A ce jour, près du tiers des salles – très majoritairement celles des grands groupes – sont déjà équipées. La contribution obligatoire, par les transferts générés, permettra à un second tiers d’accéder au numérique. En revanche, le problème se pose pour le dernier tiers que constituent les salles les plus petites, les salles d’art et d’essai et les salles associatives qui, pourtant, sont des acteurs essentiels au maintien de la diversité de l’offre cinématographique.

Le système de contribution obligatoire tel que le prévoit cette proposition de loi ne bénéficiera, en effet, qu’aux salles ayant accès aux films dès leur sortie nationale et pouvant également programmer simultanément plusieurs films nouveaux. Les salles  de continuation ou les salles ayant peu d’écrans ne bénéficieront pas de contributions numériques leur permettant de s’équiper. Dès lors, ne pouvant s’intégrer pleinement dans cette révolution numérique, elles courent le risque d’être, progressivement, mises à l’écart . A cela, il convient de remédier résolument.

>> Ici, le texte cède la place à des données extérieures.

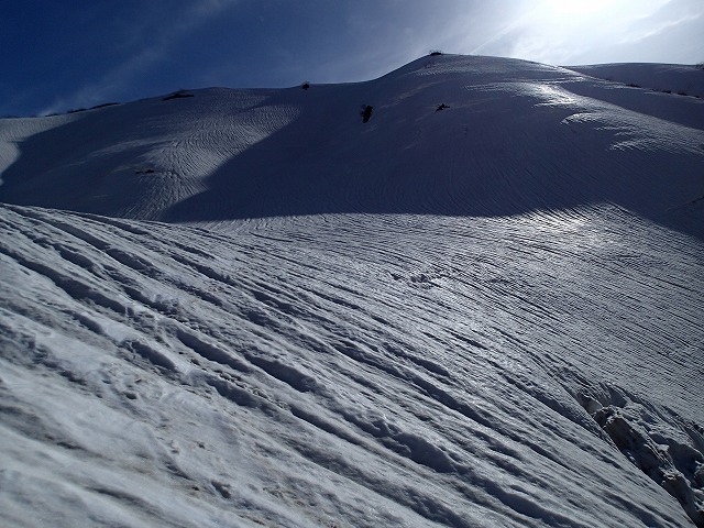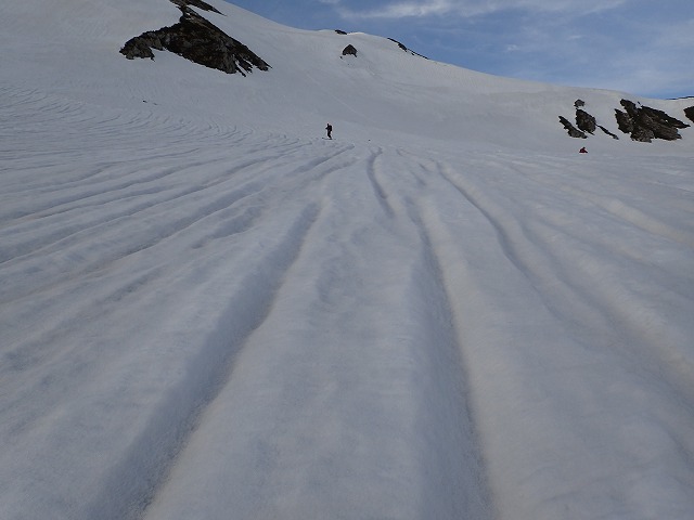 カチカチの縦溝地獄。ここを滑降できれば山スキーもOKでしょう。一緒にスタートしたボーダーは、降りてこれません。

Chers collègues, nous ne doutons pas que la contribution obligatoire permettra à une partie du parc des salles de cinéma de s’équiper en numérique. Croire, en revanche, qu’elle bénéficiera à l’ensemble du parc et notamment aux salles qui n’existeraient pas sans le soutien des collectivités territoriales que, par ailleurs, on étrangle financièrement, serait faire preuve d’un excès de confiance.

Le travail en commission, suite au rapport de Michel HERBILLON, dont je veux après d’autres souligner la connaissance fine du sujet qui nous intéresse aujourd’hui, a déjà permis d’amender de manière conséquente le texte initial. Je citerai, entre autres, l’article 5 qui vise à fixer les loyers des salles de cinéma de centre ville en fonction des usages de la profession, afin de protéger ces dernières de la pression foncière qui les y font disparaître. Le groupe Socialiste, Radical, et Citoyen (qui votera ce texte) soumettra à votre approbation plusieurs amendements visant notamment à encourager la mutualisation et à garantir la diversité de la programmation. Il s’agira par ce biais de s’assurer de la pérennité des acteurs les plus fragiles de la filière.

Si elle devait faire disparaître ces mêmes acteurs, la révolution numérique ne serait pas seulement un formidable progrès ; elle serait également une terrible régression. Nous nous devons, de fait, mes chers collègues, de ne pas considérer notre travail terminé une fois cette proposition de loi votée. Après le temps législatif, s’imposera à nous un devoir de vigilance.